**Exercise details:** Repeat every record exactly, but keep images out of the copy.

Data extracted from a collection:
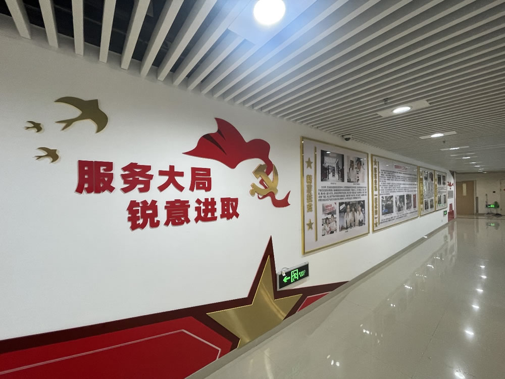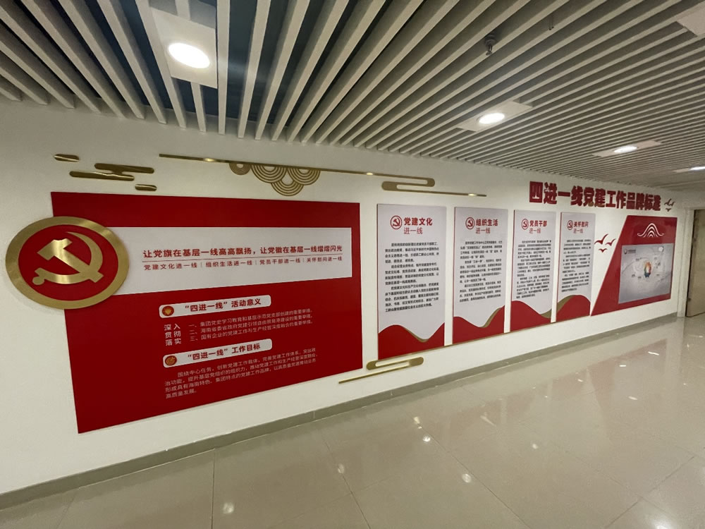 該長(zhǎng)廊全長(zhǎng)近125米,分為“初心使命”“奮輯前行”“黨建領(lǐng)航”“踐行承諾”四個(gè)篇章,涵蓋了習(xí)總書記重要講話精神摘錄、企業(yè)發(fā)展歷程、歷史成績(jī)、黨組織概況及組織架構(gòu)、“我為群眾辦實(shí)事”實(shí)踐活動(dòng)開展情況、精準(zhǔn)扶貧、黨風(fēng)廉政建設(shè)、防范走私套代購(gòu)專項(xiàng)工作、黨建品牌創(chuàng)建要點(diǎn)、支部特色工作法、“兩優(yōu)一先”榮譽(yù)展示、黨建活動(dòng)剪影、黨務(wù)公開欄、集團(tuán)黨建示范經(jīng)驗(yàn)推廣展示等十多個(gè)大類的內(nèi)容,采用了傳統(tǒng)圖文并茂與視聽互動(dòng)相結(jié)合的形式,專門設(shè)置了3處電子顯示屏,循環(huán)播放各類影像素材,全景展現(xiàn)了三亞店多年來堅(jiān)持“聽黨話、跟黨走”不動(dòng)搖的責(zé)任擔(dān)當(dāng)和廣大黨員干部員工不怕困難、勇于創(chuàng)新的奮斗精神。
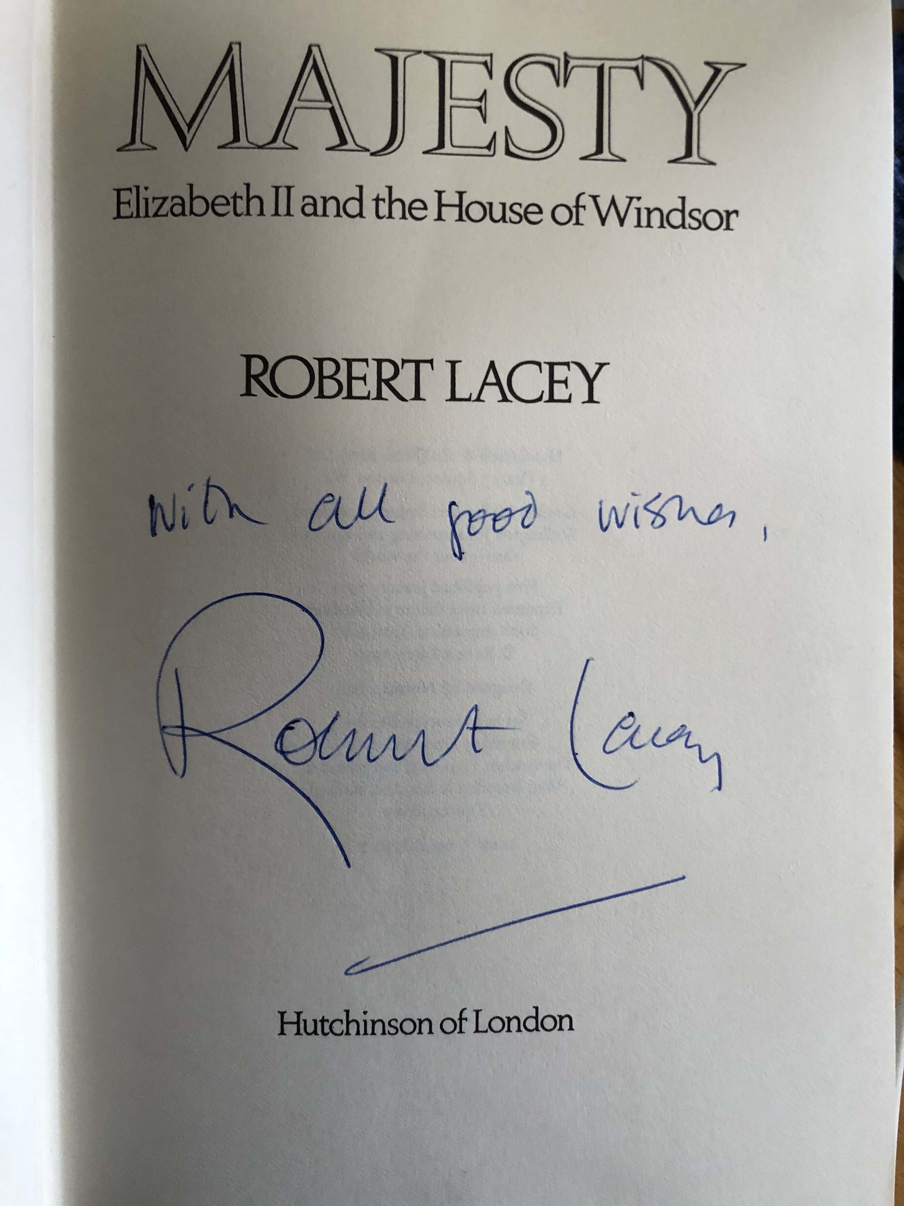 I was pleased to find a whole tub of biography of the British Royal family included in the sale.; biography is my favorite genre and the Royal family is a favorite to read about. Majesty, by Robert Lacey, was one of the books in the tub. I had enjoyed both of his companion books for the Netflix series, The Crown, and I had added this book to my to-read list. I was surprised to find it and even more surprised when I opened it to start reading last night and found that it was an autographed copy!
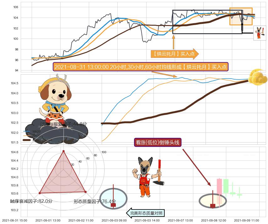 ➢ 收盘价(08-30:11: 104.98 )→回踩→第二根k线高点(08-30:09: 104.86 )
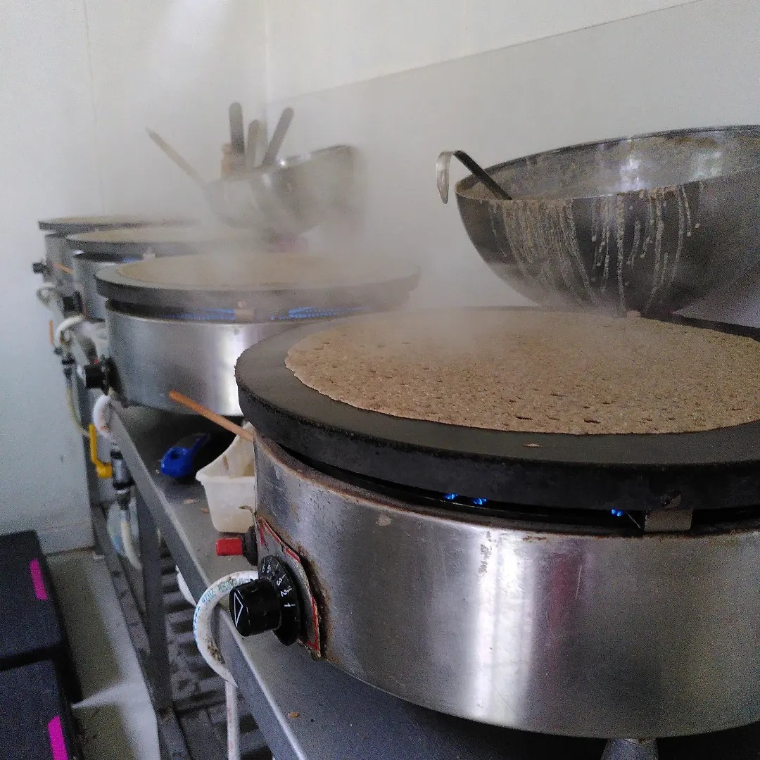 D'une part, elle cultive du blé noir qu'elle transforme en galettes vendues sur les marchés, à la ferme, dans les magasins bio, dans les évènements festifs...
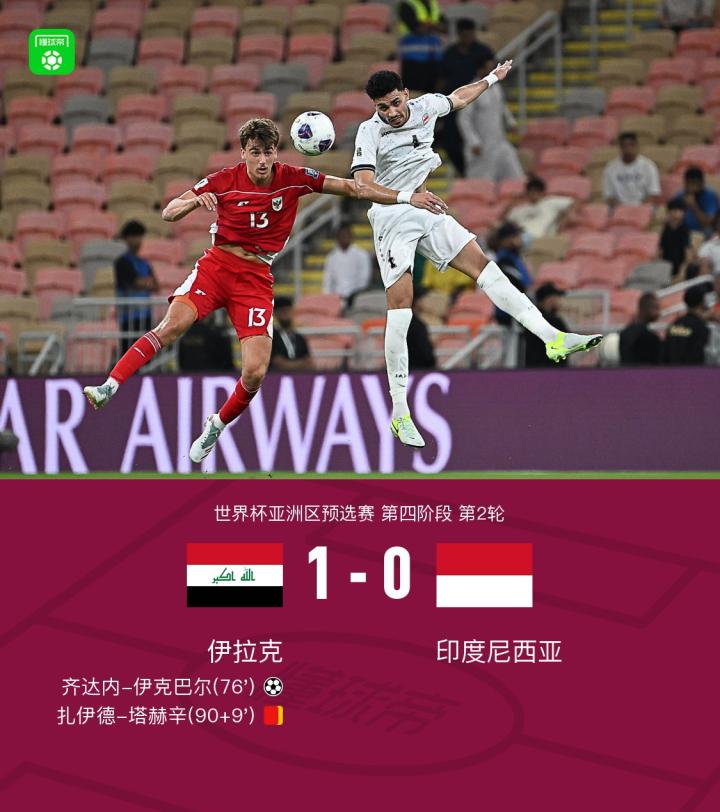 金哨马宁助力,伊拉克一剑封喉,印尼世界杯幻想破碎
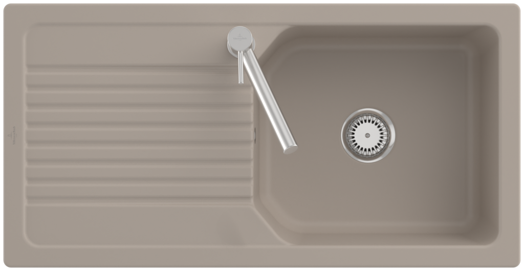 Keramický dřez pro horní montáž, bez excentru, barva Almond, šířka 100 cmKeramický dřez Villeroy & Boch Linara je vyroben z materiálu CeramicPlus, který zajišťuje vyjímečnou tvrdost, odolnost proti poškrábání nebo jinému poškození a také odolnost proti vysokým teplotám. Povrch je odolný proti cizím látkám a nečistotám, takže se výborně čistí a potraviny na něm nezanechávají žádné stopy. Materiál CeramicPlus je vyroben ze 100% přírodních materiálů, je barevně stálý a nepřijímá chutě ani zápachy, takže ja absolutně nezávadný pro potraviny. Materiál: keramika s úpravou CeramicPlus Barva: Almond, matná Dřez je určen pro horní montáž na pracovní desku Dřez je oboustranný - vanička může být napravo nebo nalevo Obsahuje odpadovou sadu bez excentru (ruční ovládání výpusti) a sítko na nečistoty Sifon není součástí dodávky (možno doobjednat pod označením 94060000) Rozměry dřezu (ŠxHxV): 1000 x 510 x 200 mm Rozměry výřezu (ŠxH): 970 x 480 mm Minimální šířka skříňky: 600 mm Hmotnost: 24 kg Při objednávce uvádějte číslo otvoru pro baterii - viz nákres Tento typ dřezu se vyrábí v barvách White alpin, Stone White, Cream, Ivory, Almond, Steam, Fossil, Stone, Graphite, Pure Black, Snow White, Timber, Chromite. Tento dřez s odpadovou sadou s excentrem je na poptávku.
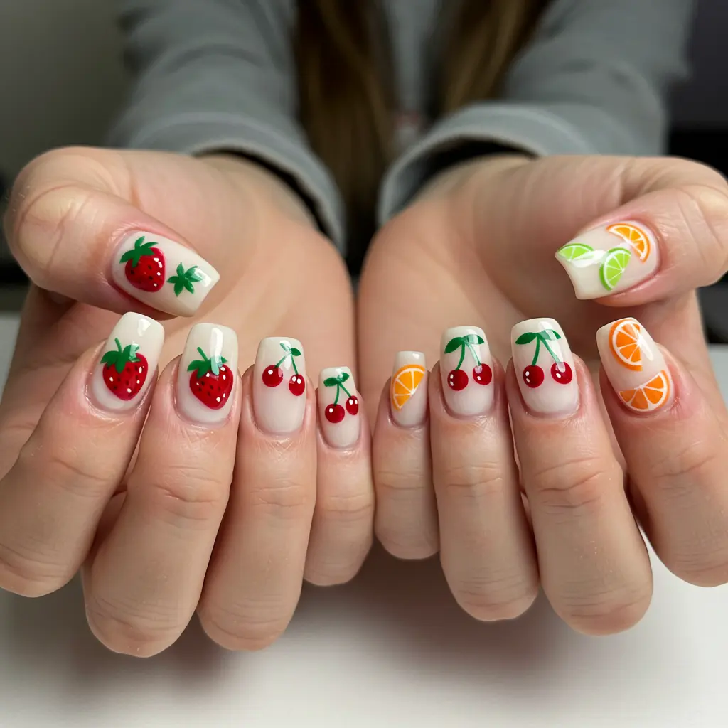Go for a fresh and vibrant vibe with matching fruit-themed nails like strawberries, cherries, or citrus slices.
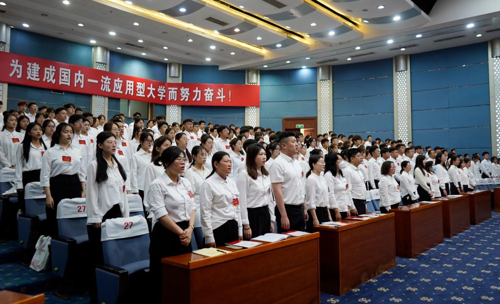 6月25日上午,我校在综合楼学术报告厅召开第六次学生代表大会,校领导丰雷、张昌林、林勇,共青团枣庄市委副书记颜蔚然出席大会开幕式。学生工作处、校团委负责人,各二级学院团总支书记、学生代表、列席代表共400余人参加大会。

**Solution for this task:**
 該長(zhǎng)廊全長(zhǎng)近125米,分為“初心使命”“奮輯前行”“黨建領(lǐng)航”“踐行承諾”四個(gè)篇章,涵蓋了習(xí)總書記重要講話精神摘錄、企業(yè)發(fā)展歷程、歷史成績(jī)、黨組織概況及組織架構(gòu)、“我為群眾辦實(shí)事”實(shí)踐活動(dòng)開展情況、精準(zhǔn)扶貧、黨風(fēng)廉政建設(shè)、防范走私套代購(gòu)專項(xiàng)工作、黨建品牌創(chuàng)建要點(diǎn)、支部特色工作法、“兩優(yōu)一先”榮譽(yù)展示、黨建活動(dòng)剪影、黨務(wù)公開欄、集團(tuán)黨建示范經(jīng)驗(yàn)推廣展示等十多個(gè)大類的內(nèi)容,采用了傳統(tǒng)圖文并茂與視聽互動(dòng)相結(jié)合的形式,專門設(shè)置了3處電子顯示屏,循環(huán)播放各類影像素材,全景展現(xiàn)了三亞店多年來堅(jiān)持“聽黨話、跟黨走”不動(dòng)搖的責(zé)任擔(dān)當(dāng)和廣大黨員干部員工不怕困難、勇于創(chuàng)新的奮斗精神。
 I was pleased to find a whole tub of biography of the British Royal family included in the sale.; biography is my favorite genre and the Royal family is a favorite to read about. Majesty, by Robert Lacey, was one of the books in the tub. I had enjoyed both of his companion books for the Netflix series, The Crown, and I had added this book to my to-read list. I was surprised to find it and even more surprised when I opened it to start reading last night and found that it was an autographed copy!
 ➢ 收盘价(08-30:11: 104.98 )→回踩→第二根k线高点(08-30:09: 104.86 )
 D'une part, elle cultive du blé noir qu'elle transforme en galettes vendues sur les marchés, à la ferme, dans les magasins bio, dans les évènements festifs...
 金哨马宁助力,伊拉克一剑封喉,印尼世界杯幻想破碎
 Keramický dřez pro horní montáž, bez excentru, barva Almond, šířka 100 cmKeramický dřez Villeroy & Boch Linara je vyroben z materiálu CeramicPlus, který zajišťuje vyjímečnou tvrdost, odolnost proti poškrábání nebo jinému poškození a také odolnost proti vysokým teplotám. Povrch je odolný proti cizím látkám a nečistotám, takže se výborně čistí a potraviny na něm nezanechávají žádné stopy. Materiál CeramicPlus je vyroben ze 100% přírodních materiálů, je barevně stálý a nepřijímá chutě ani zápachy, takže ja absolutně nezávadný pro potraviny. Materiál: keramika s úpravou CeramicPlus Barva: Almond, matná Dřez je určen pro horní montáž na pracovní desku Dřez je oboustranný - vanička může být napravo nebo nalevo Obsahuje odpadovou sadu bez excentru (ruční ovládání výpusti) a sítko na nečistoty Sifon není součástí dodávky (možno doobjednat pod označením 94060000) Rozměry dřezu (ŠxHxV): 1000 x 510 x 200 mm Rozměry výřezu (ŠxH): 970 x 480 mm Minimální šířka skříňky: 600 mm Hmotnost: 24 kg Při objednávce uvádějte číslo otvoru pro baterii - viz nákres Tento typ dřezu se vyrábí v barvách White alpin, Stone White, Cream, Ivory, Almond, Steam, Fossil, Stone, Graphite, Pure Black, Snow White, Timber, Chromite. Tento dřez s odpadovou sadou s excentrem je na poptávku.
Go for a fresh and vibrant vibe with matching fruit-themed nails like strawberries, cherries, or citrus slices.
 6月25日上午,我校在综合楼学术报告厅召开第六次学生代表大会,校领导丰雷、张昌林、林勇,共青团枣庄市委副书记颜蔚然出席大会开幕式。学生工作处、校团委负责人,各二级学院团总支书记、学生代表、列席代表共400余人参加大会。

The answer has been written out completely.